How Green Egg Media avoids this: We've felt the pain on this one before. As a new company in 2008, we were often so enthusiastic to be building something that we just started creating database tables whenever we thought we needed them. After a few of our earliest projects where a lack of planning caused countless hours of re-work, though, we decided it was well worth it to spend some extra time at the start of every project to plan out exactly what the database tables would look like. This allowed us to see problems with duplicated content much earlier, and allowed us to employ a DRY methodology much more effectively. Before the first database table is created in a custom project or added to a CMS, we now create a complete architecture to show the name of each table, the structure of those tables, and any relationships that exist between them.
2. Fail to define indexes and/or keys
Indexing your database tables might not seem like a big deal at first, and if you're happy to perform a full scan and read tables row-by-rown for every query, then by all mean, you can ignore indexes. Then, when your database tables grow to hundreds, thousands, or even millions of rows and you're running in a production environment where you're processing mutiple requests every second, you can be sure that your database will get slower and slower until it just stops responding altogether. Problem solved.
How Green Egg Media avoids this: Indexing actually costs a little bit more for every write operation you perform to an indexed table, but the cost savings on data retrival is almost always worth it, especially when row counts are very high. When we are defining our databases structures (see #1 above), we determine which columns should be indexed to ensure that we can optimize our data retrival down the road. Of course, we always ensure that all of our tables have a unique key which can be used to define relationships and eliminate a lot of duplicated content. Need help understanding indexes? Check out this quick and easy tutorial on MySQL Indexes.
3. Ignore backup routines
You've heard it before - backup your data! If you like living life on the edge, though, feel free to continue waiting for "mañana" to start backing things up. Eventually you'll try to install an add-on or upgrade your CMS just to have the process fail somewhere in the middle after half of your database tables have been updated, while the other half haven't. And when you try to run the process again, all you get are errors about missing columns, failed databse forges, and already existing keys. But that's OK, because you can always spend the next 20 hours that your site is offline trying to manually undo those changes and figure out just what went wrong before casually hitting that "Start Upgrade" button again.
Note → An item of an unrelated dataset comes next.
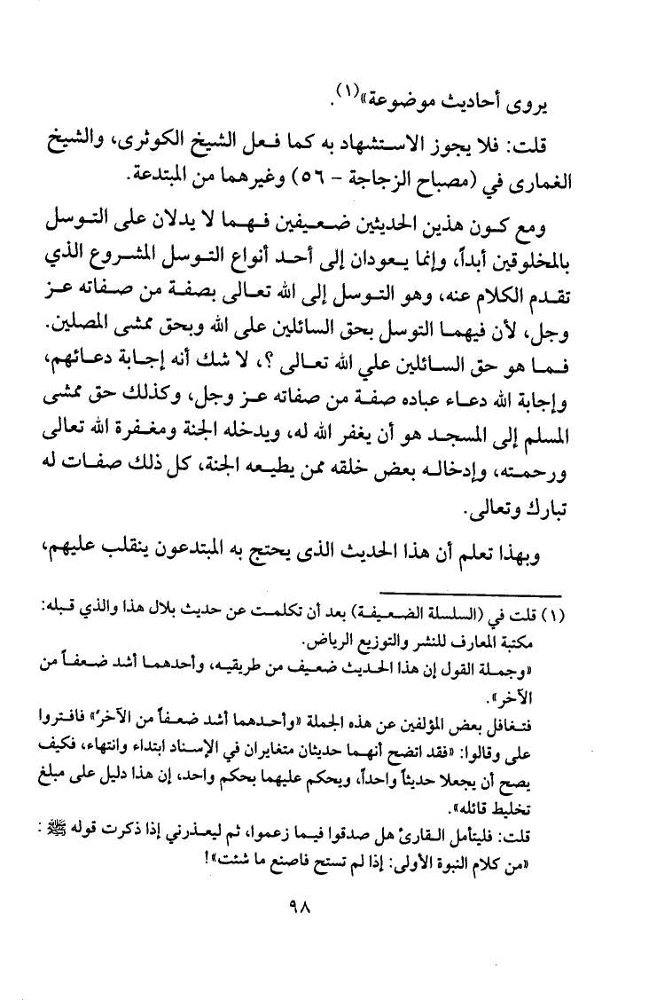 ومع كون هذين الحديثين ضعيفين فهما لا يدلان على التوسل بالمخلوقين أبداً، وإنما يعودان إلى أحد أنواع التوسل المشروع الذي تقدم الكلام عنه، وهو التوسل إلى الله تعالى بصفة من صفاته عز وجل، لأن فيهما التوسل بحق السائلين على الله وبحق ممشى المصلين. فما هو حق السائلين على الله تعالى؟، لا شك أنه إجابة دعائهم، وإجابة الله دعاء عباده صفة من صفاته عز وجل، وكذلك حق ممشى المسلم إلى المسجد هو أن يغفر الله له، ويدخله الجنة ومغفرة الله تعالى ورحمته، وإدخاله بعض خلقه ممن يطيعه الجنة. كل ذلك صفات له تبارك وتعالى.

How Green Egg Media avoids this: There is really nothing sexy about a backup... until you need it, and we promise that the time will eventually come when you need one. We have put several backup systems in place to protect our clients' data, including automated server-based backups, pre-upgrade backups, SQL dumps that are assigned to version control commits, and more. No matter how careful we are while we're developing, there are so many external factors, that we have at least one time each year that we need to roll back to a previous version of one of the databases that we manage. Our storehouse of backups sure is pretty sexy then.
4. Don't check for errors
I bet a lot of younger developers don't even realize that there is a MySQL error log. That's fine if you don't care when your queries aren't working the way they should. Not all MySQL errors result in massive error messages that flash up on your screen, particularly if you are suppressing errors because you don't want users in your production environment to see them. Failing to regularly review your MySQL error log is one sure-fire way to end up with a database full of bad data or missing expected data. If you let your database run long enough with fixing these errors, then you'll have the added advantage of missing so much good data that your database has become almost unusable. Nice job!
How Green Egg Media avoids this: Not every single thing that appears in the MySQL error log requires immediate attention, but some things do. We conduct regular reviews of all of our clients' MySQL error logs and ensure than any errors that are problematic are addressed. While we're reviewing the MySQL logs, we also take a look at the PHP and Apache logs to make sure that the data we are writing and reading from the database is working as expected with the rest of the systems. Sometimes it can take a little detective work to track down some of the peskier problems that manifest themselves, but it's always worth it in the end.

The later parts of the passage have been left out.